Record set section start

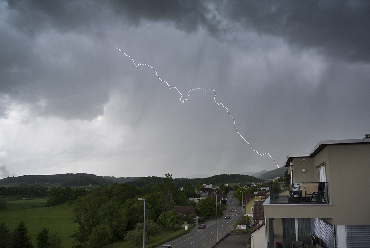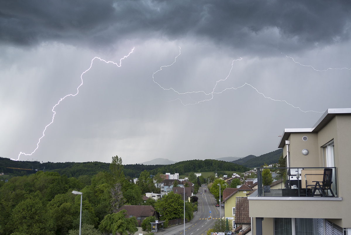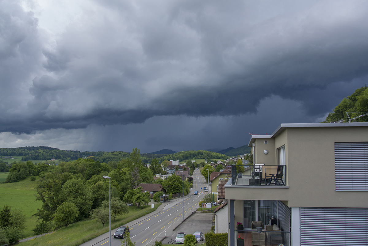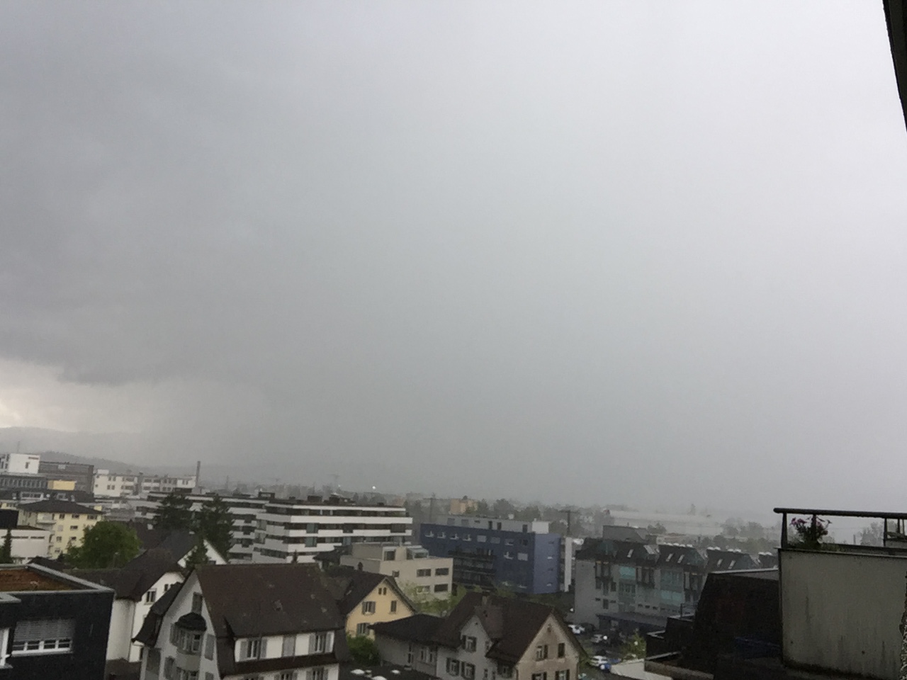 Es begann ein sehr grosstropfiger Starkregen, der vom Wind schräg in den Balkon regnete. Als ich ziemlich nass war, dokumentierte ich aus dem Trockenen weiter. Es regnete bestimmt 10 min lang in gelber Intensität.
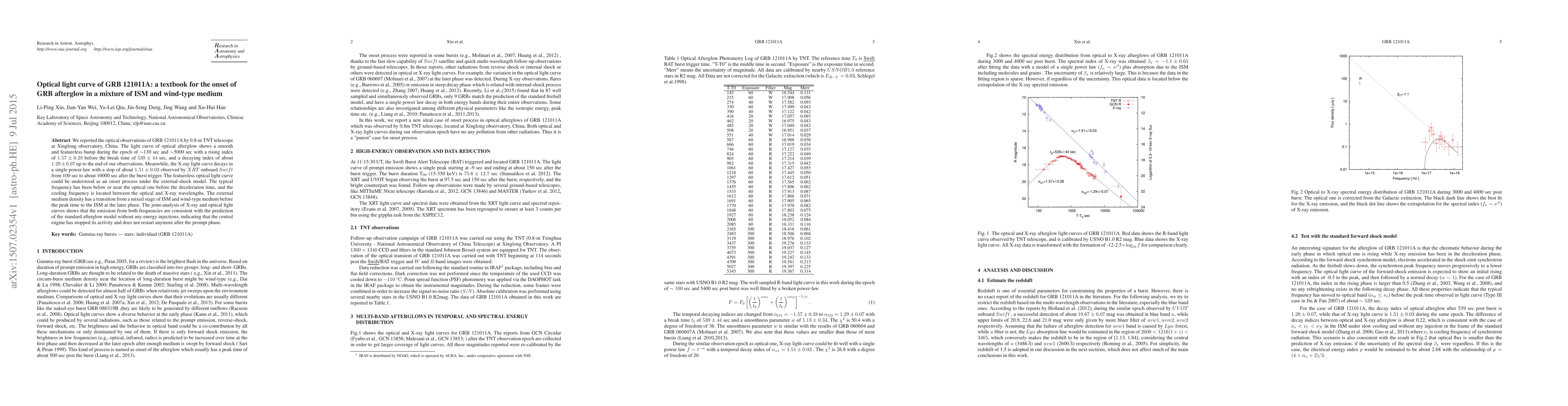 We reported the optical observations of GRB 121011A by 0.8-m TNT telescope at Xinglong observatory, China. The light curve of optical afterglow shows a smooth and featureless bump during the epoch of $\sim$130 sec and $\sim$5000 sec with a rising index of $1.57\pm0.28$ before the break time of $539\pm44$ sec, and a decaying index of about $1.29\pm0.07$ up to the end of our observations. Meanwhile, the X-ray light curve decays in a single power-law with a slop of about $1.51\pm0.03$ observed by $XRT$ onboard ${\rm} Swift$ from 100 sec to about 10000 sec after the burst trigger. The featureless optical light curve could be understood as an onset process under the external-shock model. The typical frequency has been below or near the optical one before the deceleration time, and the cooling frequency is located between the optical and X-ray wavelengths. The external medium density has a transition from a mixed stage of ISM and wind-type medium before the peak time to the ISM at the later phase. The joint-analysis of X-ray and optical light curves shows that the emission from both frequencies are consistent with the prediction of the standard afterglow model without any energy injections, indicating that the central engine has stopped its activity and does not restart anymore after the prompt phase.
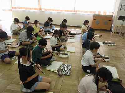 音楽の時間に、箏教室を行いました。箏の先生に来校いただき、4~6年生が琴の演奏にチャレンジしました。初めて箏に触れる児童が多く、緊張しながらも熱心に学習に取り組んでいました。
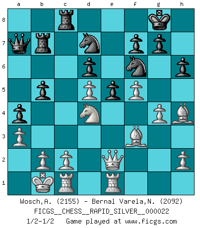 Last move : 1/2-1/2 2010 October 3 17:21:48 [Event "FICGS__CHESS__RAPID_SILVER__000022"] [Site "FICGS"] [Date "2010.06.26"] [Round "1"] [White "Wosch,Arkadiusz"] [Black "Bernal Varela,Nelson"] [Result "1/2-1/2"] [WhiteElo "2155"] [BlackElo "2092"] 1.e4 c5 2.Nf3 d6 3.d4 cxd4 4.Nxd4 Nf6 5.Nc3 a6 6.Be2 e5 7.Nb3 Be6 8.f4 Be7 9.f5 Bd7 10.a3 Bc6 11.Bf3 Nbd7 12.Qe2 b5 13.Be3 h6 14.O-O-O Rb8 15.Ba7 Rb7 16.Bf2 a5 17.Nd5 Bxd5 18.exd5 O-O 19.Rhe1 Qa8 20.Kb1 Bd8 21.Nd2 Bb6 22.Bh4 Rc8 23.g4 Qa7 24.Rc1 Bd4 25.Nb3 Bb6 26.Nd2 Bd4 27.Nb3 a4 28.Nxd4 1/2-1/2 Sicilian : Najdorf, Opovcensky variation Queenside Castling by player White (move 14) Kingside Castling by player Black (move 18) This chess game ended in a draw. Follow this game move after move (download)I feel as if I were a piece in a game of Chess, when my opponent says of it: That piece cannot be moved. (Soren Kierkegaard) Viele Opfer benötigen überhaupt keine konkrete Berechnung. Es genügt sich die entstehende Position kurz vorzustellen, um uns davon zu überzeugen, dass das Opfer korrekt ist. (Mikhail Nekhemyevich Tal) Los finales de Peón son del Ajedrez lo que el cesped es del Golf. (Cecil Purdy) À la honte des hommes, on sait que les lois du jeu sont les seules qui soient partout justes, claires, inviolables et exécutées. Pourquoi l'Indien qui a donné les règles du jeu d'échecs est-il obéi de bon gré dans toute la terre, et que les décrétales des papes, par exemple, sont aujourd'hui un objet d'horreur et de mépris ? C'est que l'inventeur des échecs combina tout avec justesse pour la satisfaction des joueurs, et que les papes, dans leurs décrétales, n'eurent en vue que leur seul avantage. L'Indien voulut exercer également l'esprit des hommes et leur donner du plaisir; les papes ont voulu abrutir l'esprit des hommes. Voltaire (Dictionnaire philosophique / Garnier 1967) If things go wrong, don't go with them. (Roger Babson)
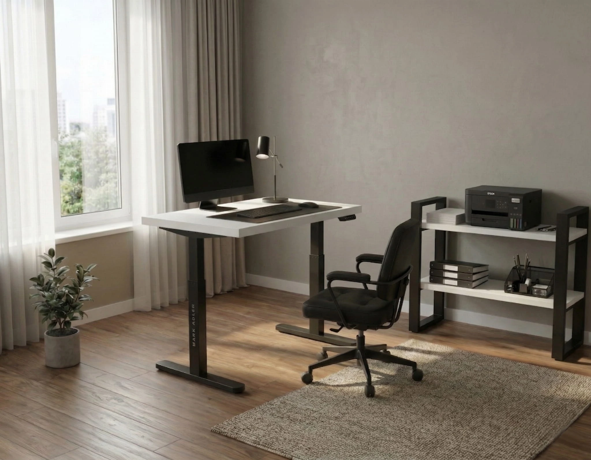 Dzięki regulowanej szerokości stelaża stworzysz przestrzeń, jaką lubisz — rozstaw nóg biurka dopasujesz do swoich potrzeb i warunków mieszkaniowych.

Record set section end

Where the data contains an image, skip the image and copy everything else exactly as it appears.

Solution for this exercise:
 Es begann ein sehr grosstropfiger Starkregen, der vom Wind schräg in den Balkon regnete. Als ich ziemlich nass war, dokumentierte ich aus dem Trockenen weiter. Es regnete bestimmt 10 min lang in gelber Intensität.
 We reported the optical observations of GRB 121011A by 0.8-m TNT telescope at Xinglong observatory, China. The light curve of optical afterglow shows a smooth and featureless bump during the epoch of $\sim$130 sec and $\sim$5000 sec with a rising index of $1.57\pm0.28$ before the break time of $539\pm44$ sec, and a decaying index of about $1.29\pm0.07$ up to the end of our observations. Meanwhile, the X-ray light curve decays in a single power-law with a slop of about $1.51\pm0.03$ observed by $XRT$ onboard ${\rm} Swift$ from 100 sec to about 10000 sec after the burst trigger. The featureless optical light curve could be understood as an onset process under the external-shock model. The typical frequency has been below or near the optical one before the deceleration time, and the cooling frequency is located between the optical and X-ray wavelengths. The external medium density has a transition from a mixed stage of ISM and wind-type medium before the peak time to the ISM at the later phase. The joint-analysis of X-ray and optical light curves shows that the emission from both frequencies are consistent with the prediction of the standard afterglow model without any energy injections, indicating that the central engine has stopped its activity and does not restart anymore after the prompt phase.
 音楽の時間に、箏教室を行いました。箏の先生に来校いただき、4~6年生が琴の演奏にチャレンジしました。初めて箏に触れる児童が多く、緊張しながらも熱心に学習に取り組んでいました。
 Last move : 1/2-1/2 2010 October 3 17:21:48 [Event "FICGS__CHESS__RAPID_SILVER__000022"] [Site "FICGS"] [Date "2010.06.26"] [Round "1"] [White "Wosch,Arkadiusz"] [Black "Bernal Varela,Nelson"] [Result "1/2-1/2"] [WhiteElo "2155"] [BlackElo "2092"] 1.e4 c5 2.Nf3 d6 3.d4 cxd4 4.Nxd4 Nf6 5.Nc3 a6 6.Be2 e5 7.Nb3 Be6 8.f4 Be7 9.f5 Bd7 10.a3 Bc6 11.Bf3 Nbd7 12.Qe2 b5 13.Be3 h6 14.O-O-O Rb8 15.Ba7 Rb7 16.Bf2 a5 17.Nd5 Bxd5 18.exd5 O-O 19.Rhe1 Qa8 20.Kb1 Bd8 21.Nd2 Bb6 22.Bh4 Rc8 23.g4 Qa7 24.Rc1 Bd4 25.Nb3 Bb6 26.Nd2 Bd4 27.Nb3 a4 28.Nxd4 1/2-1/2 Sicilian : Najdorf, Opovcensky variation Queenside Castling by player White (move 14) Kingside Castling by player Black (move 18) This chess game ended in a draw. Follow this game move after move (download)I feel as if I were a piece in a game of Chess, when my opponent says of it: That piece cannot be moved. (Soren Kierkegaard) Viele Opfer benötigen überhaupt keine konkrete Berechnung. Es genügt sich die entstehende Position kurz vorzustellen, um uns davon zu überzeugen, dass das Opfer korrekt ist. (Mikhail Nekhemyevich Tal) Los finales de Peón son del Ajedrez lo que el cesped es del Golf. (Cecil Purdy) À la honte des hommes, on sait que les lois du jeu sont les seules qui soient partout justes, claires, inviolables et exécutées. Pourquoi l'Indien qui a donné les règles du jeu d'échecs est-il obéi de bon gré dans toute la terre, et que les décrétales des papes, par exemple, sont aujourd'hui un objet d'horreur et de mépris ? C'est que l'inventeur des échecs combina tout avec justesse pour la satisfaction des joueurs, et que les papes, dans leurs décrétales, n'eurent en vue que leur seul avantage. L'Indien voulut exercer également l'esprit des hommes et leur donner du plaisir; les papes ont voulu abrutir l'esprit des hommes. Voltaire (Dictionnaire philosophique / Garnier 1967) If things go wrong, don't go with them. (Roger Babson)
 Dzięki regulowanej szerokości stelaża stworzysz przestrzeń, jaką lubisz — rozstaw nóg biurka dopasujesz do swoich potrzeb i warunków mieszkaniowych.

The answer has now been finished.